-------- Data excerpts
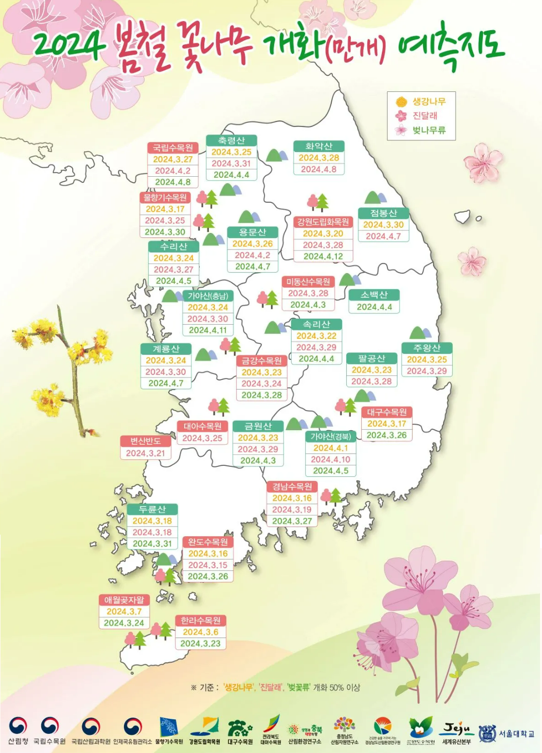 먼저, 2024년 우리나라 봄꽃 개화시기를 알려드리겠습니다.
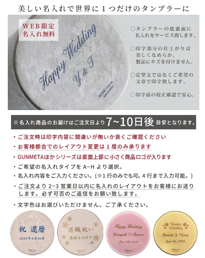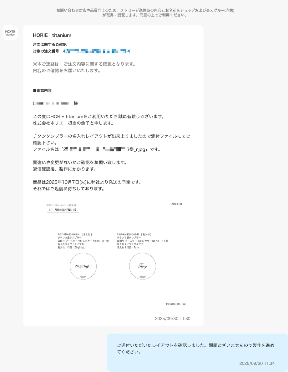 If you choose to add engraving, HORIE will send you a confirmation after receiving the order. If everything is fine, reply with “ご送付いただいたレイアウトを確認しました。問題ございませんので製作を進めてください。” to let them start production.
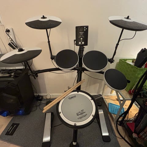 Her får du alt til opstart som trommeslager ( med eller uden lyd vel at mærke) der medfølger diverse ledninger samt trommestikker..
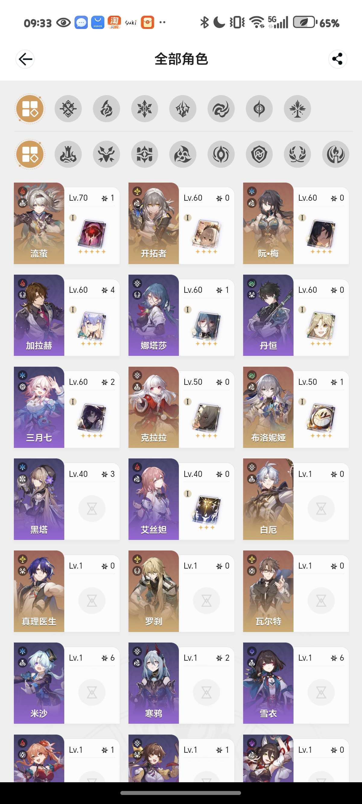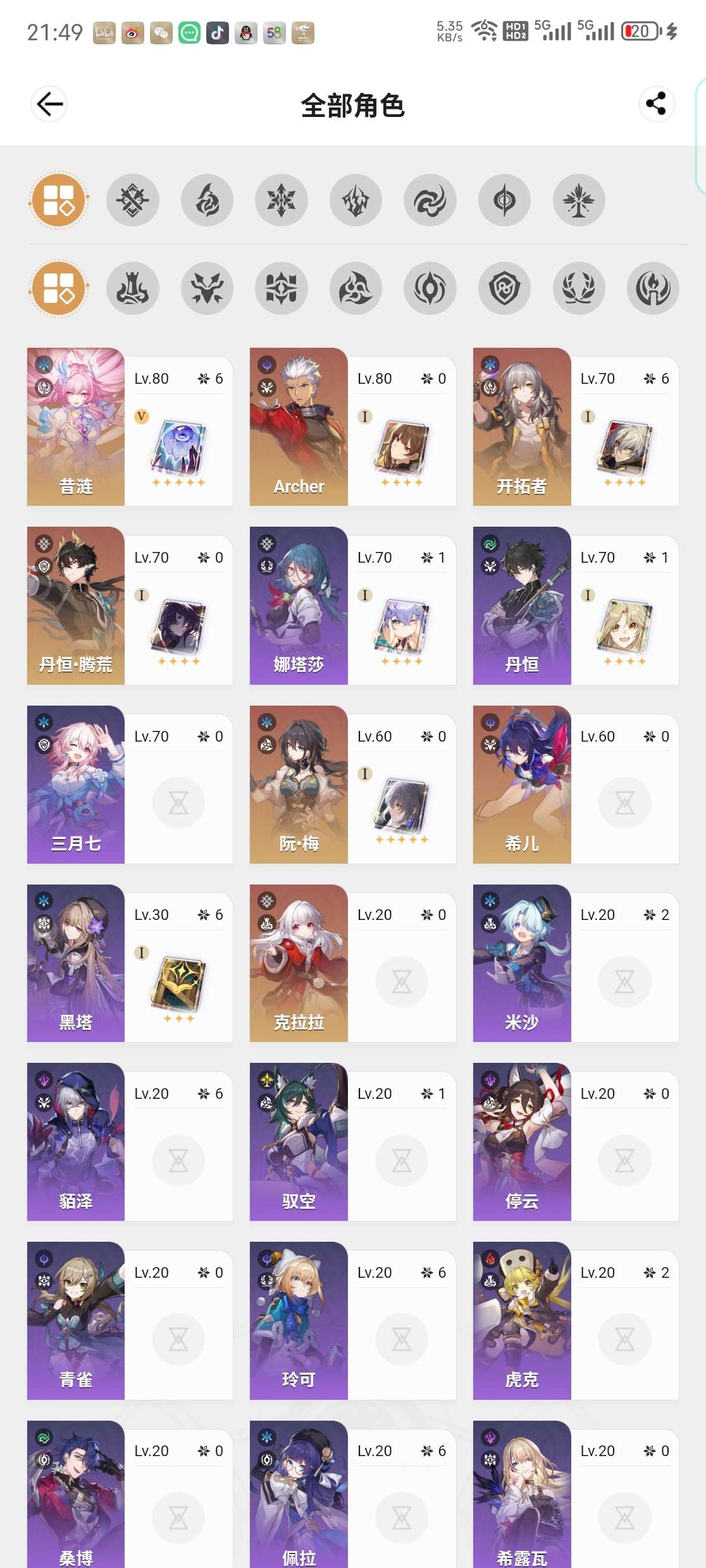 不是自抽号 签到号 瑕蝶长月夜龙丹 23级资源主线没碰 昔涟已经68抽左右了马上出了
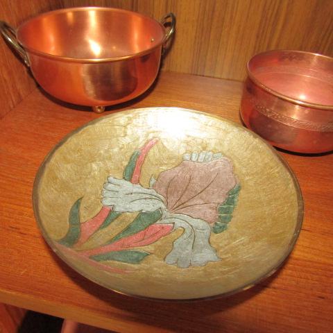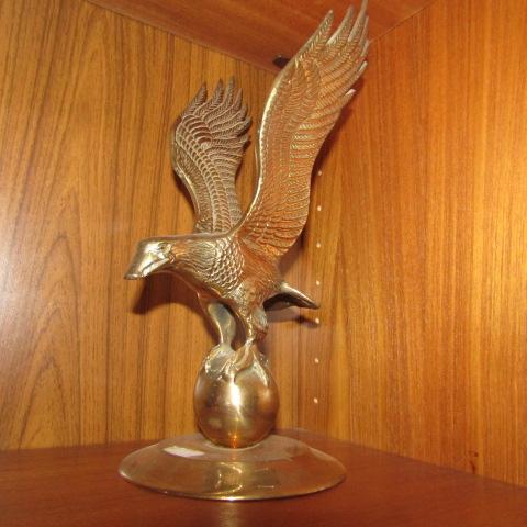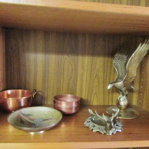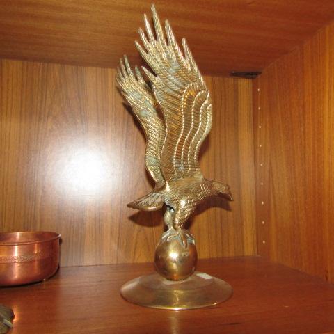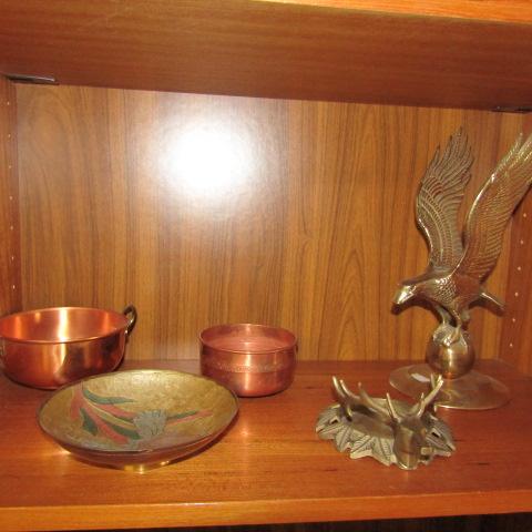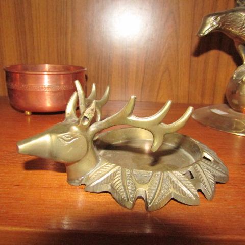 BRASS EAGLE, ELK ASHTRAY AND BOWL
----------------
Your instructions:
Although the records contain pictures, the copy should hold only their text, reproduced exactly.

Solved problem:
 먼저, 2024년 우리나라 봄꽃 개화시기를 알려드리겠습니다.
 If you choose to add engraving, HORIE will send you a confirmation after receiving the order. If everything is fine, reply with “ご送付いただいたレイアウトを確認しました。問題ございませんので製作を進めてください。” to let them start production.
 Her får du alt til opstart som trommeslager ( med eller uden lyd vel at mærke) der medfølger diverse ledninger samt trommestikker..
 不是自抽号 签到号 瑕蝶长月夜龙丹 23级资源主线没碰 昔涟已经68抽左右了马上出了
 BRASS EAGLE, ELK ASHTRAY AND BOWL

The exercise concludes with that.